▶ The input
----------

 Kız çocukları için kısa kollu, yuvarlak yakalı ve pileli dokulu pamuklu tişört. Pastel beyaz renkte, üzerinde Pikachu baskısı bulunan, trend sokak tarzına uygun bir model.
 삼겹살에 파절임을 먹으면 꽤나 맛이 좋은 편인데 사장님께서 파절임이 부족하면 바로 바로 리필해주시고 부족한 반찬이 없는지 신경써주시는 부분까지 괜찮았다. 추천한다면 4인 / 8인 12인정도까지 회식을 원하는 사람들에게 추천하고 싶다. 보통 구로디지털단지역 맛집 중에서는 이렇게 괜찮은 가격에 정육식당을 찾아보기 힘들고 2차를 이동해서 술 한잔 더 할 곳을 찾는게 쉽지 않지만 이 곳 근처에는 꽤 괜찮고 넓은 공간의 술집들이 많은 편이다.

----------

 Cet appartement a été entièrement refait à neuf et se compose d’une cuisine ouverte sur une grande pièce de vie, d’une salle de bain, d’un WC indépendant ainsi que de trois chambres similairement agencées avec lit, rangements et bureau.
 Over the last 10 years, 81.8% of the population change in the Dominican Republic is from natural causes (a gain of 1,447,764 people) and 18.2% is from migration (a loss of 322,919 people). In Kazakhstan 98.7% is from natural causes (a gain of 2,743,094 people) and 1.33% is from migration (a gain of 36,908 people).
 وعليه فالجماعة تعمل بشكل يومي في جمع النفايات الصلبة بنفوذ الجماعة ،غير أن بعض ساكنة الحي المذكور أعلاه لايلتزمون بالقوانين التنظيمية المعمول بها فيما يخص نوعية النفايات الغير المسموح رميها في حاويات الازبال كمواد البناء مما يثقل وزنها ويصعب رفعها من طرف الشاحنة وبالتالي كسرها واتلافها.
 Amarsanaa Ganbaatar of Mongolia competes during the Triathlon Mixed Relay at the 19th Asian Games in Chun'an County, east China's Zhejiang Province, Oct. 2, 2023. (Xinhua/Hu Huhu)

----------

▶ Exercise aim
Everything above from the line containing "Kız çocukları için" down to the line containing "삼겹살에 파절임을 먹으면" is to be transcribed exactly, with both of those lines included and nothing else added.

▶ Your response
 Kız çocukları için kısa kollu, yuvarlak yakalı ve pileli dokulu pamuklu tişört. Pastel beyaz renkte, üzerinde Pikachu baskısı bulunan, trend sokak tarzına uygun bir model.
 삼겹살에 파절임을 먹으면 꽤나 맛이 좋은 편인데 사장님께서 파절임이 부족하면 바로 바로 리필해주시고 부족한 반찬이 없는지 신경써주시는 부분까지 괜찮았다. 추천한다면 4인 / 8인 12인정도까지 회식을 원하는 사람들에게 추천하고 싶다. 보통 구로디지털단지역 맛집 중에서는 이렇게 괜찮은 가격에 정육식당을 찾아보기 힘들고 2차를 이동해서 술 한잔 더 할 곳을 찾는게 쉽지 않지만 이 곳 근처에는 꽤 괜찮고 넓은 공간의 술집들이 많은 편이다.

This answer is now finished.